INSTRUCTIONS TO FOLLOW. Please copy exactly the lines from the first in the records through the line that contains "บัตรเครดิตกสิกรไทย ยิ่งใช้ยิ่งเฮง รับส่วนลด", but not the pictures.

* * * * * * *

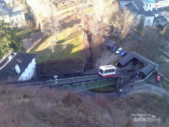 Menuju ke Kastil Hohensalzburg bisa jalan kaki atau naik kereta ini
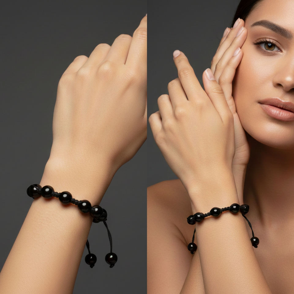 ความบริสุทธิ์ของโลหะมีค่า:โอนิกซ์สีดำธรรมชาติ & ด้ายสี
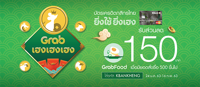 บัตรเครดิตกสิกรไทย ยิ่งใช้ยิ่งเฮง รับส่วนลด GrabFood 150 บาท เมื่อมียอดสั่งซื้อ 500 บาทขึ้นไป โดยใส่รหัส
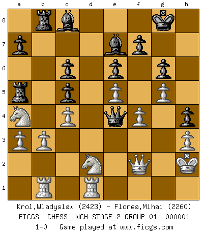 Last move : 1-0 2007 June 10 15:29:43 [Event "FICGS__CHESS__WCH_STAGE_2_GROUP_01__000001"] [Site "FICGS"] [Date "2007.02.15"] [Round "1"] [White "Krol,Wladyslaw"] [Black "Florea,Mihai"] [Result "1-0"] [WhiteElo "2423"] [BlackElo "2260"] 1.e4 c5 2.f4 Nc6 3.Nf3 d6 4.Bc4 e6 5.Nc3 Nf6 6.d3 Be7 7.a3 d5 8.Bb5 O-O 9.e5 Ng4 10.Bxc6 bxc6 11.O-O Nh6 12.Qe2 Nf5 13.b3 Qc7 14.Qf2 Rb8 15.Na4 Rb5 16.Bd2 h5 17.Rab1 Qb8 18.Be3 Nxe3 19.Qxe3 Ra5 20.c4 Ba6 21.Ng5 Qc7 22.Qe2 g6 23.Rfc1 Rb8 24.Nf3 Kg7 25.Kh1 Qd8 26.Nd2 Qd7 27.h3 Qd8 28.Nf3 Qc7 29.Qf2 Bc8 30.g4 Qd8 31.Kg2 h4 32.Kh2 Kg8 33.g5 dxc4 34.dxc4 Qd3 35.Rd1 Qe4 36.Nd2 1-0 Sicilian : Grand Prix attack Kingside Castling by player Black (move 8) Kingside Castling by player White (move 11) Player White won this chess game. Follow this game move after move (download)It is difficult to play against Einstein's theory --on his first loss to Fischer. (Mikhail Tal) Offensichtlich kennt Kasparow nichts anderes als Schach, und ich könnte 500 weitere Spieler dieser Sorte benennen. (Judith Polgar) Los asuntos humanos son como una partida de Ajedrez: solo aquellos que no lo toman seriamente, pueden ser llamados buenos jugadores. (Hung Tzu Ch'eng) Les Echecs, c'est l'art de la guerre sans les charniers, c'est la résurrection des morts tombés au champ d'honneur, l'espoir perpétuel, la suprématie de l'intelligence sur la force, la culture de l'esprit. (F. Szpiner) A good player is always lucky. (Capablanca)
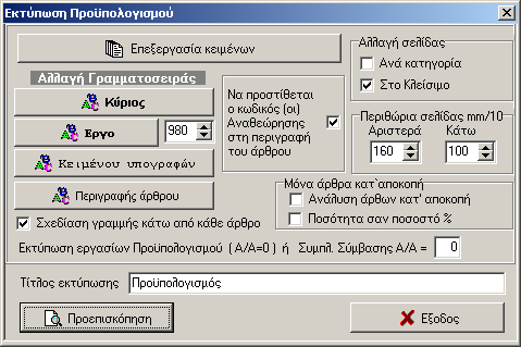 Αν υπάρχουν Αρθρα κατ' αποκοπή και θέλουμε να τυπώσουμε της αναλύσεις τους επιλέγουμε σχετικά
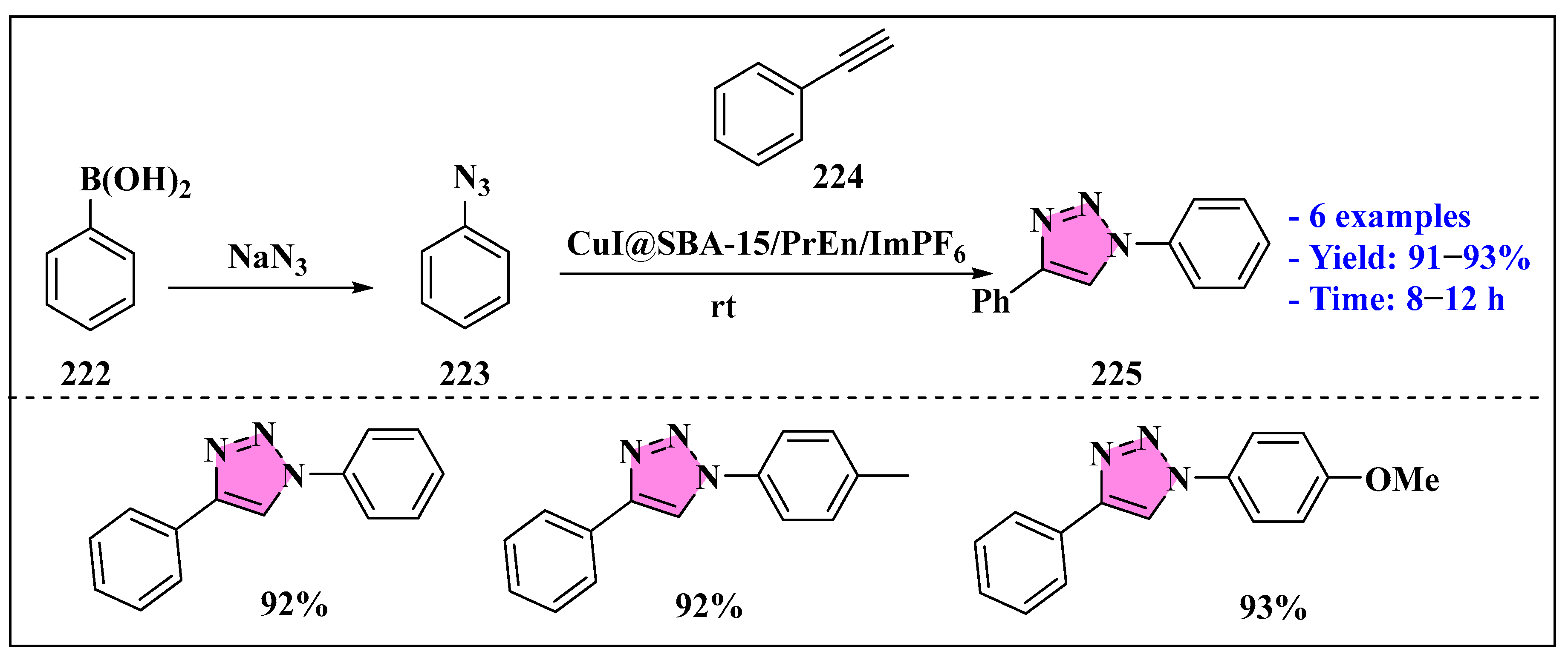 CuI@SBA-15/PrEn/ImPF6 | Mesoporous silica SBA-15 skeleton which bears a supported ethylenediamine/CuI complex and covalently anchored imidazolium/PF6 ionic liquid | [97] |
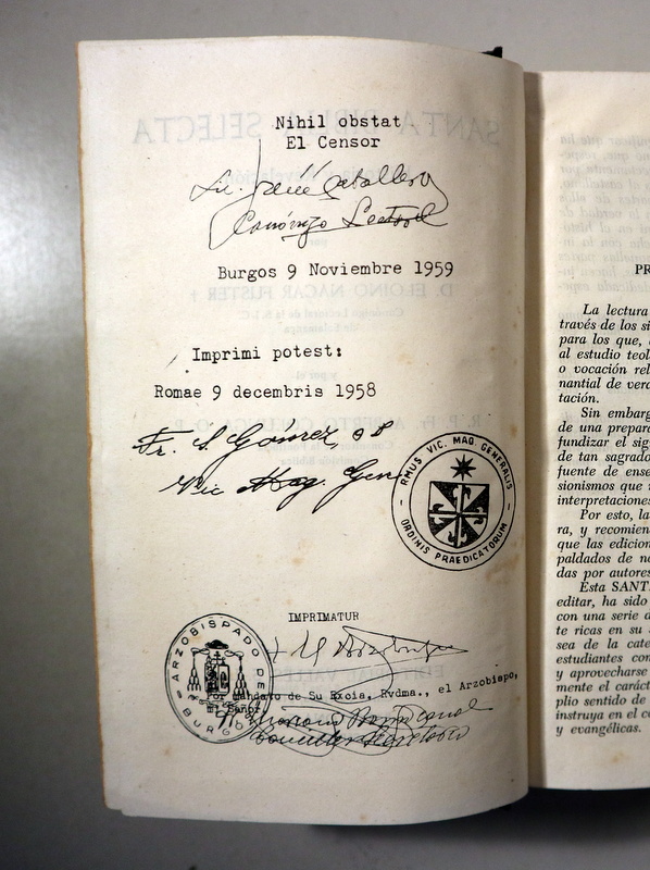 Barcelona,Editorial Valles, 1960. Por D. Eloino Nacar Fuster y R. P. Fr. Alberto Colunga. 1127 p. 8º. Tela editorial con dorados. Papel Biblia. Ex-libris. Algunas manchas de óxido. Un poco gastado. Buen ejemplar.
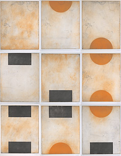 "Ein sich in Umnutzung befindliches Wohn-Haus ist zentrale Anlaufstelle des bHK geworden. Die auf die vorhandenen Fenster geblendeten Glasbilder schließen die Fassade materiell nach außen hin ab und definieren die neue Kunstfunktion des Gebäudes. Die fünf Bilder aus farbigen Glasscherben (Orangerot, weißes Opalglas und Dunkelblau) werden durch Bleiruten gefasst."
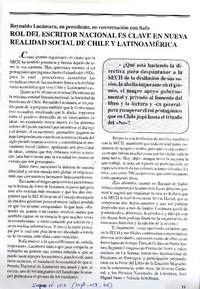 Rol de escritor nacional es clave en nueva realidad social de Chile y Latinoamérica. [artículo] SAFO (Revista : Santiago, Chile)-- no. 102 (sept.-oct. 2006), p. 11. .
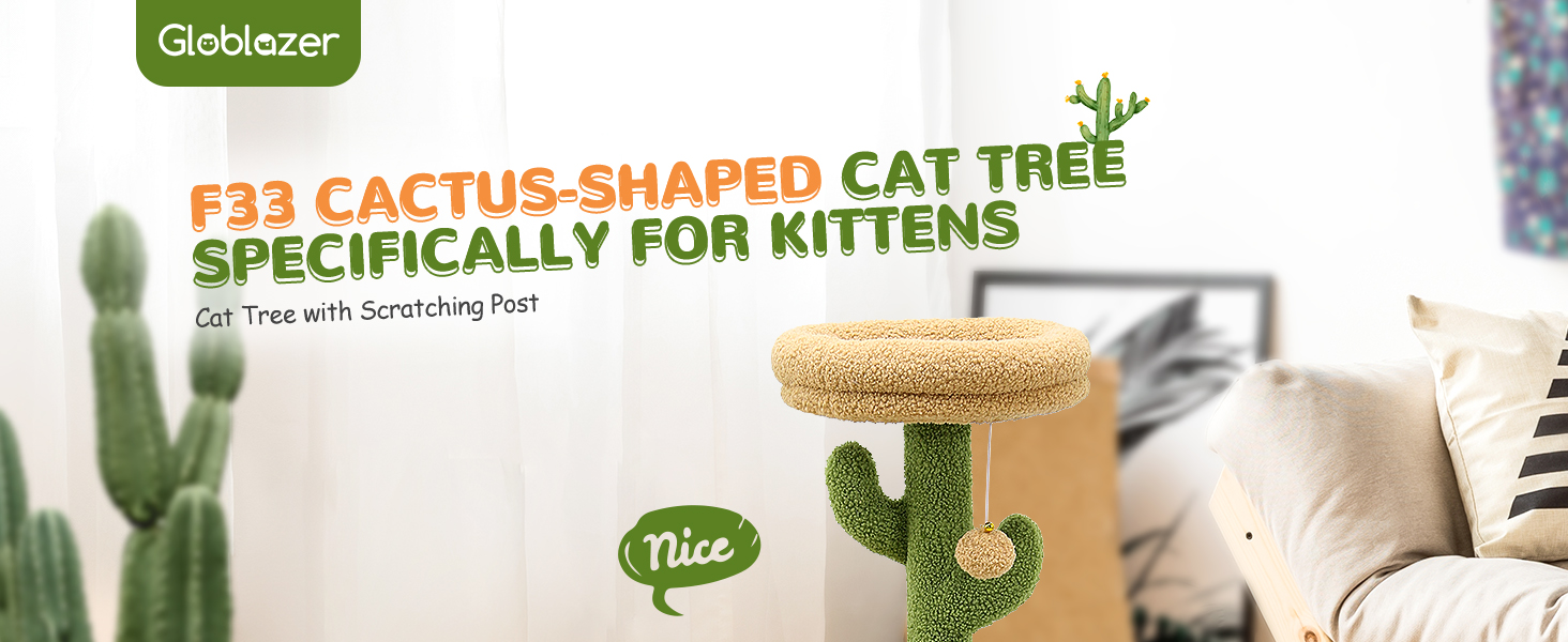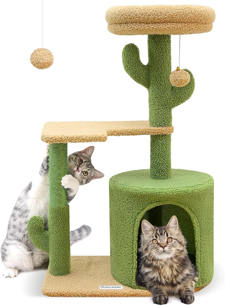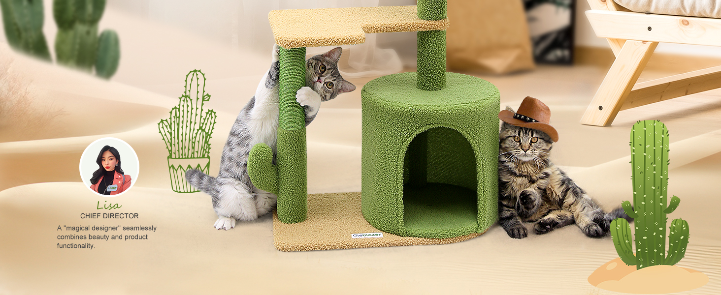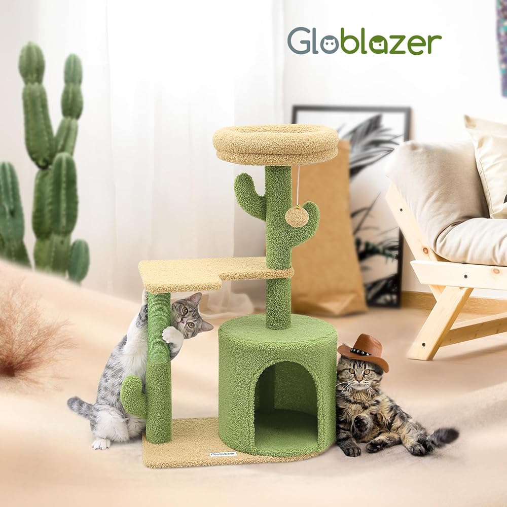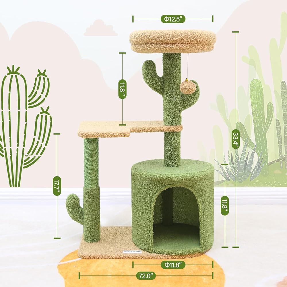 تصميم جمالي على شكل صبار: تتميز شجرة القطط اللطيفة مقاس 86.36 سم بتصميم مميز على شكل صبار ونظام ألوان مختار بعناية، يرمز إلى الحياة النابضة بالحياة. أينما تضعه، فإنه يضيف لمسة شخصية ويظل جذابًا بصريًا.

* * * * * * *

EXERCISE OUTPUT.
 Menuju ke Kastil Hohensalzburg bisa jalan kaki atau naik kereta ini
 ความบริสุทธิ์ของโลหะมีค่า:โอนิกซ์สีดำธรรมชาติ & ด้ายสี
 บัตรเครดิตกสิกรไทย ยิ่งใช้ยิ่งเฮง รับส่วนลด GrabFood 150 บาท เมื่อมียอดสั่งซื้อ 500 บาทขึ้นไป โดยใส่รหัส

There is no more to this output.